Bin Jalawi spat against the inside of the windscreen. "It is a place you have heard of. It is to the south, in 'Awazim country, and I am Mutair. We will meet guides at Magwa."


"Are the 'Awazim at war with the Mutair?" asked Hale. "Do we need a rafiq?" When trekking through hostile country, it was the Bedu custom to talk a member of the local tribe into coming along as a guarantor or peacemaker, known as a rafiq in these northern countries around the gulf.


"We wouldn't want a rafiq from the tribe of the one we go to see," said bin Jalawi in a tight voice.


"And the only tribe at war with us here is the KGB," said Ishmael, his watery old eyes blinking ahead. "Khrushchev is not hostile to my agency, but the Presidium is growing tired of Khrushchev, and Semichastny of the KGB is pursuing Stalin's old line toward us."
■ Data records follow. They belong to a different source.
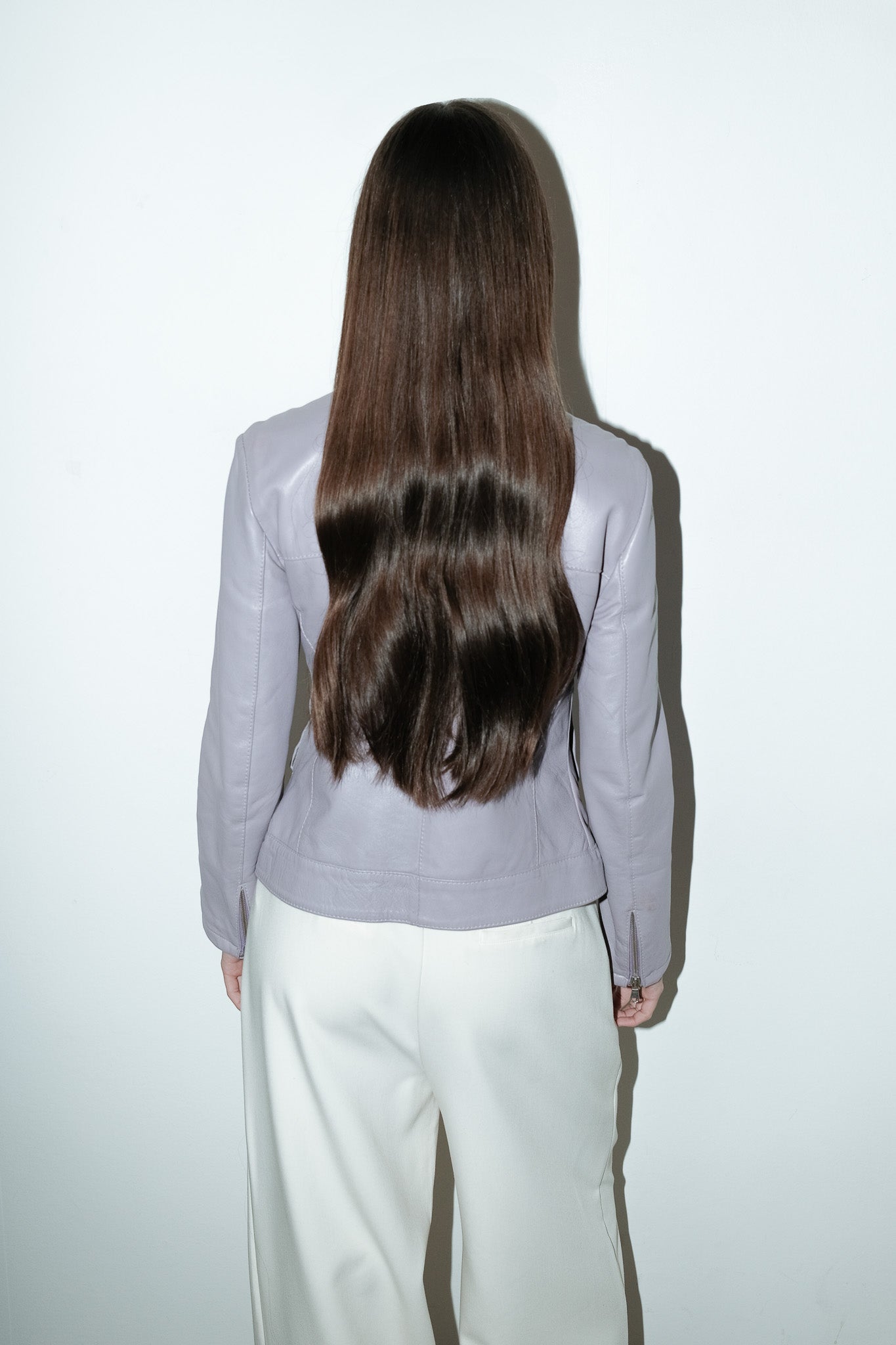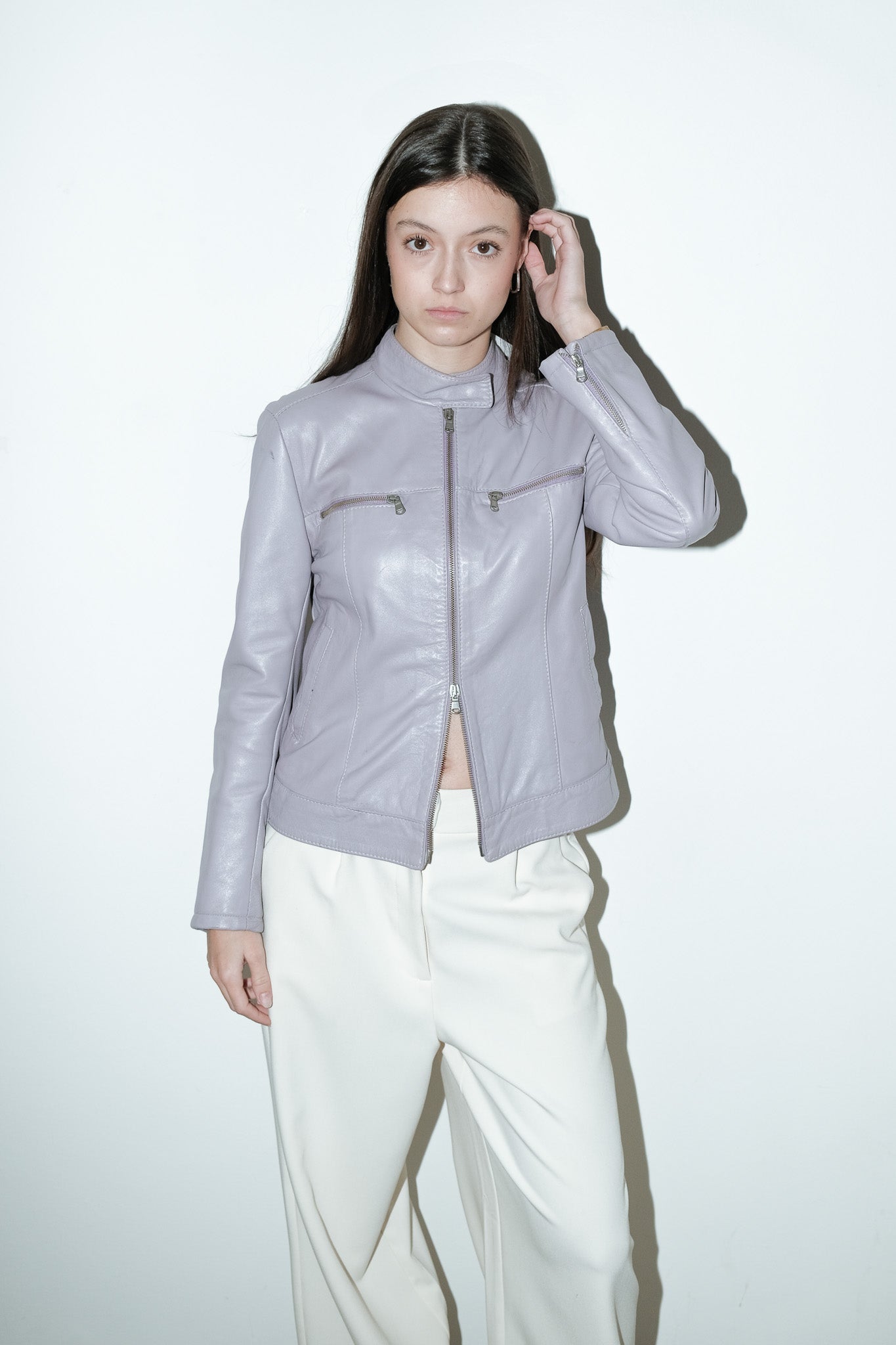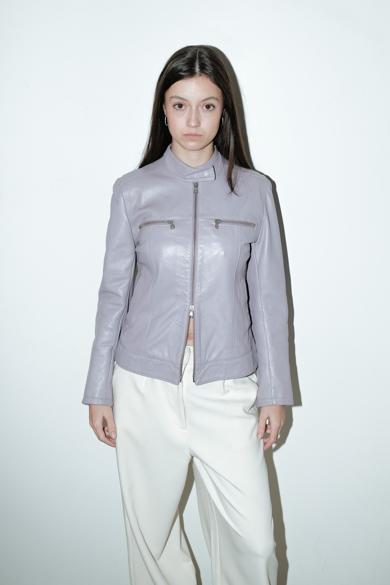 vintage 100% leren jack in lila met dubbele rits
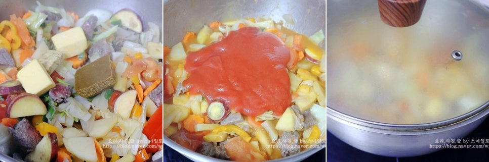 마지막에 보면 야채에서 수분이 많이 빠져나온 것 보이시지요
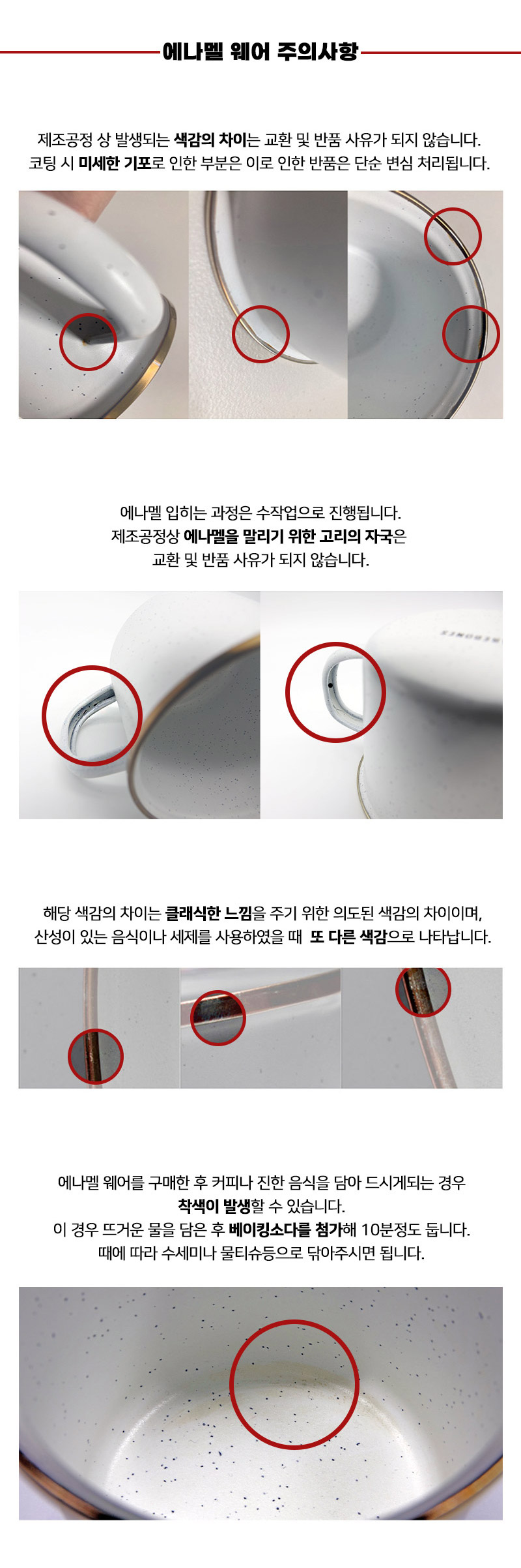 손잡이 부분에 에나멜을 말리기 위한 고리의 자국은 자연스러운 현상입니다.
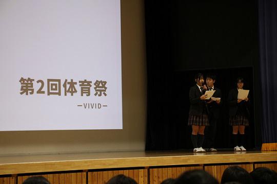 生徒会執行部の挨拶、生徒会紹介から始まり、まずは体育祭・秀峰祭(文化祭)・学術祭の各実行委員会の紹介がありました。
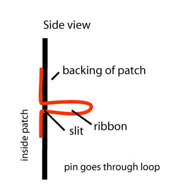 Conectar cualquier sujetadores con su parche (broches, Velcro, cintas para fijación, etc.) a este punto. Pequeños bucles de cinta, empujado por la ranura, con la parte posterior de un pin de seguridad a través de ellos son buenos para la fabricación de chapas que se unen a cualquier prenda de vestir que soportará el peso del parche.
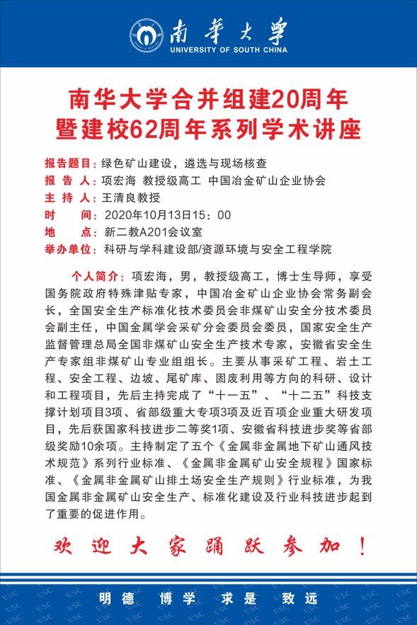 10月13日下午,中国冶金矿山企业协会常务副会长项宏海教授应邀在我院201会议室为师生进行了“绿色矿山建设、遴选与现场核查”学术讲座;此次讲座为我校合并组建20周年暨建校62周年系列高水平学术报告。报告会由王清良副院长主持,项宏海教授向师生详细介绍了国内外绿色矿山建设的实践与发展,并提出在绿色矿山建设中能开展的研究领域。
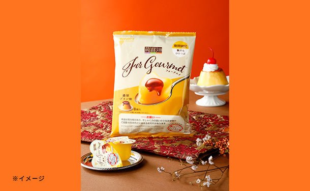 蒟蒻畑の特性から生まれる独特の食感は、プリン風味と相性抜群です。カスタードとカラメルの絶妙なバランスにこだわり、弾力のある蒟蒻畑にピッタリなコクのあるクリーミーな味わいのプリン味に仕上げました。
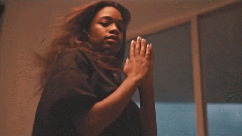 Abrapray Abrafruit meditating with hands clasped in prayer, her hair flowing around her in a serene setting.
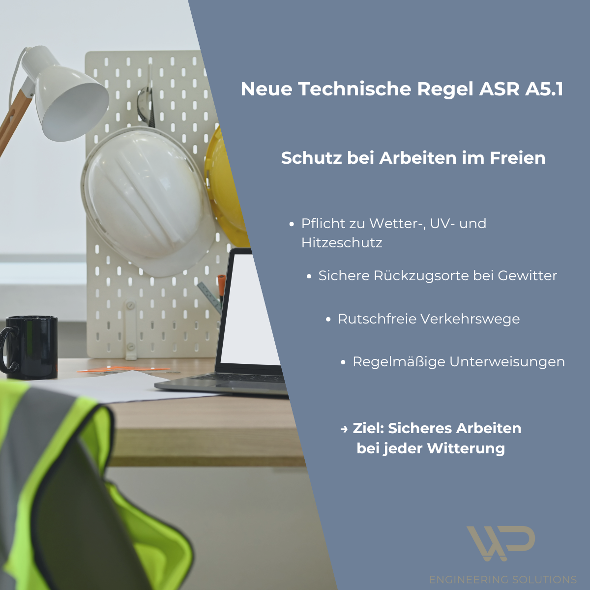 🆕 Neue Technische Regel ASR A5.1: Schutz bei Arbeiten im Freien und in offenen Arbeitsstätten Seit August 2025 gilt die neue Technische Regel für Arbeitsstätten
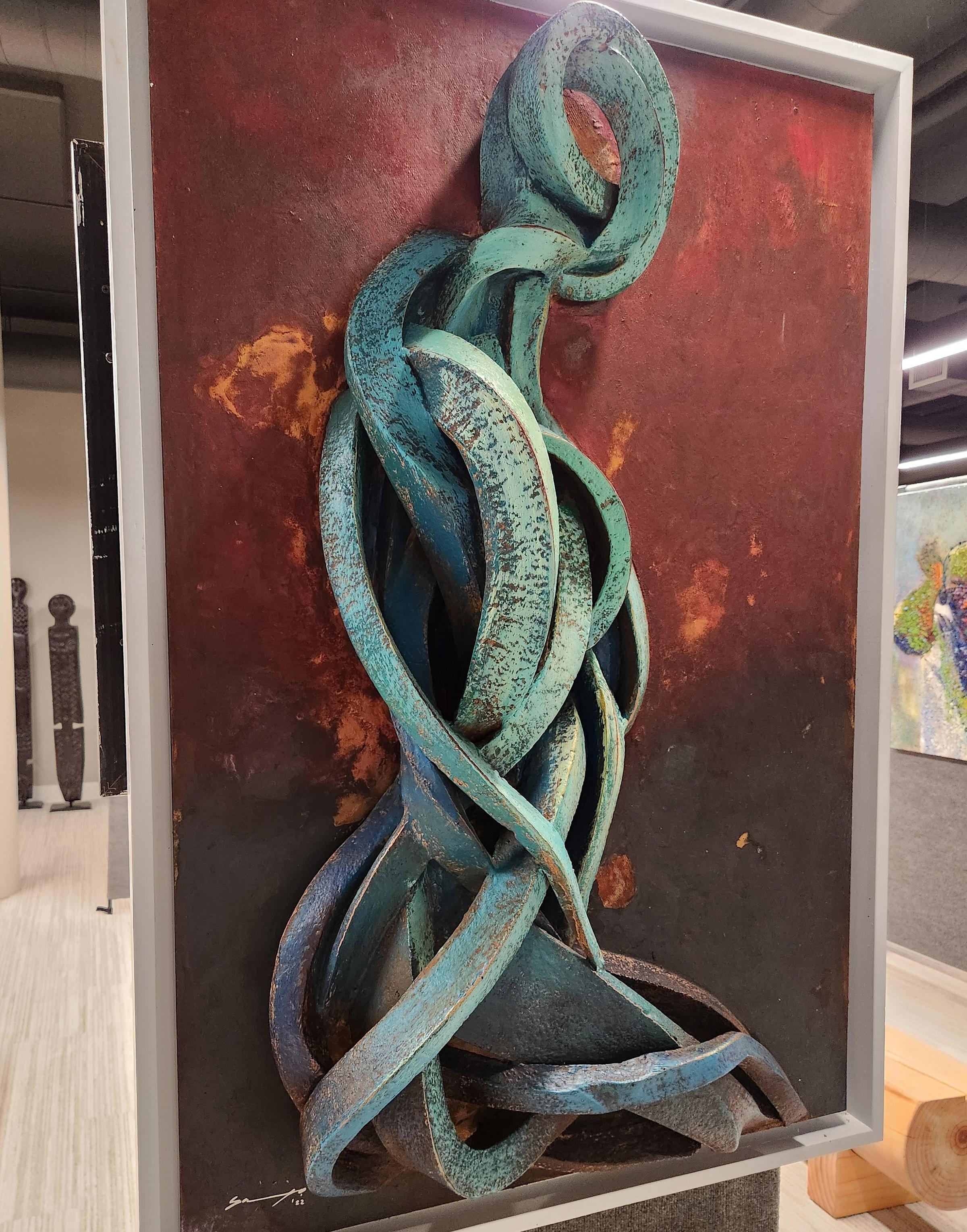 Some rusty canvases, such as “Expectation” boasted 3‑D figures, twisted and patina’d, open but sturdy, their heads a swoop of smooth lines and limbs intertwined with their inside while also bulging outward. Others, like “Tender Gaze,” were acrylic paintings of lovingly rendered faces gently distorted with smudged linear lines, a film grain, charcoal, or crayon drawing dragged downward, eyes left undisturbed.
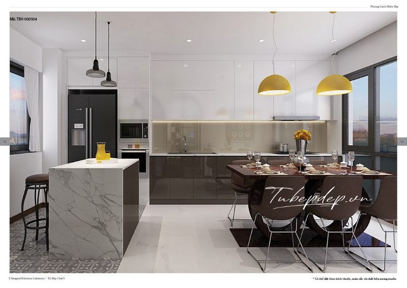 Tủ bếp acrylic màu trắng hiện đại với thiết kế chữ i đơn giản sẽ làm cho phòng bếp của bạn trở nên đẹp hơn.
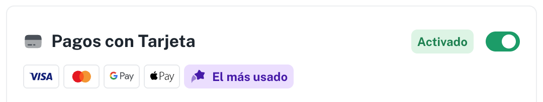 - En la sección Pagos con tarjeta, activa el interruptor (switch) si quieres ofrecer este método de pago.
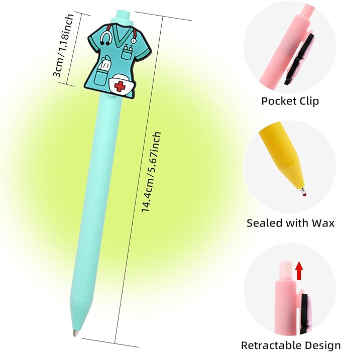 - 10-Pack Nurse-Themed Gel Pens - Brighten Your Shift!10-pack of gel pens. Each pen features charming, professionally-inspired clips showcasing beloved medical icons like stethoscopes, syringes, nurses, pills, ambulances ect

"Horror at the wrath of God," recalled Hale.


They had been speaking in English, but now bin Jalawi burst out, "Yahrak kiddisak man rabba-k!" It meant Burn the saint who brought thee up, and Hale, startled, met his eyes in the rear-view mirror. Bin Jalawi glowered back at him. Still in Arabic, he said to Hale, "Speak you of horror at the wrath of God?"


And Hale almost smiled, for he realized at last that bin Jalawi was, illogically, angry at Hale for giving in to his cut-off-the-hand-or-kiss-it argument and turning double for this Russian. I have disappointed you, Hale thought, haven't I, Salim? Were you dutifully waiting for me to condemn your duplicity?